Leonardo isn't dressed for summer, unless you count lighter material in his jacket. He's walking in Emma and Rossi's direction, reading papers in a folder, then he hears it... a sexy beast of a thousand horrors. His head raises and he thinks 'Oh god oh god, I'm not prepared, I didn't prepare!', but he stops a few feet from them and says, "Oh, Miss Frost, Detective, what a coincidence seeing you two here." Smile!

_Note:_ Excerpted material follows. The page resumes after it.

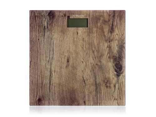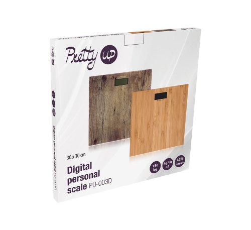 Osobní digitální váha PU-005W v dekoru dřeva s možností vážení v kg a lb. Indikátor slabé baterie a přetížení, automatické vypnutí,.
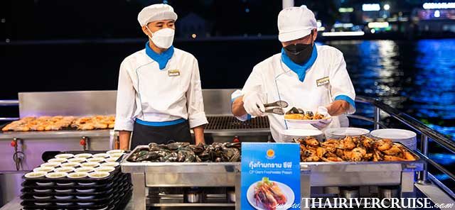 Your New Year's Eve 2026 Bangkok Rooftop package is inclusive of an extensive International Gala Buffet designed to cater to discerning tastes. The dining experience is a key highlight of the Luxury White Cruise New Year 2026 event.

"Well. I wouldn't go so far as to say /jello/, but I've seen a purple accountant or two," Emma laughs, enjoying the score she just made upon him. She takes his arm, just to dig a little more, and just in time to catch the frantic patter of Leo's thoughts. She stops, stopping Rossi with her, and blinks at Leo. "Mr. Maxwell." One can almost hear the unspoken 'darling' dripping in the air.
Creepy. Maxwell, that is. The thought chases purple accountants down a rabbit hole, "--some shit you just shouldn't put in your mouth--" Rossi says cryptically, surrendering his arm to Emma without visible objection, and pauses obligingly to squint at Leonardo. /He/ (the cop) has a pretzel from one of the ubiquitous carts that skate around the park. He breaks off a piece, pops it in his mouth, and chews with great deliberation before swallowing. That there's NYPD irony. "You," he greets without enthusiasm. One can almost hear the unspoken 'asshole' clawing through the air.
Not surprising that Emma's talons have more finesse.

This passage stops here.